[What the exercise asks] Nothing but the text belongs in the answer: the listing below, copied exactly, without pictures.

== Data excerpt

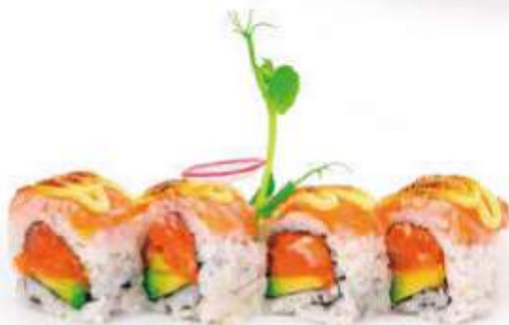
222 | PHOENIX ROLL 8PZ tartare di salmone piccante, avocado, tobiko*, carpaccio di salmone scottato all'esterno, salsa inari €12.00 🍣🍣🍣🍣
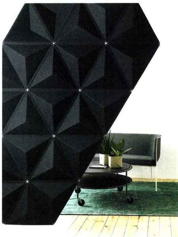
ABSTRACTA : Partition murale d'absorption sonore AIRCONE www.abstracta.se
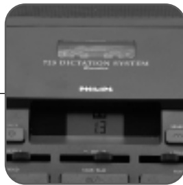
LCD-näyttö näyttää työtilanteen yhdellä silmäyksellä

====

[Problem solution]
222 | PHOENIX ROLL 8PZ tartare di salmone piccante, avocado, tobiko*, carpaccio di salmone scottato all'esterno, salsa inari €12.00 🍣🍣🍣🍣
ABSTRACTA : Partition murale d'absorption sonore AIRCONE www.abstracta.se
LCD-näyttö näyttää työtilanteen yhdellä silmäyksellä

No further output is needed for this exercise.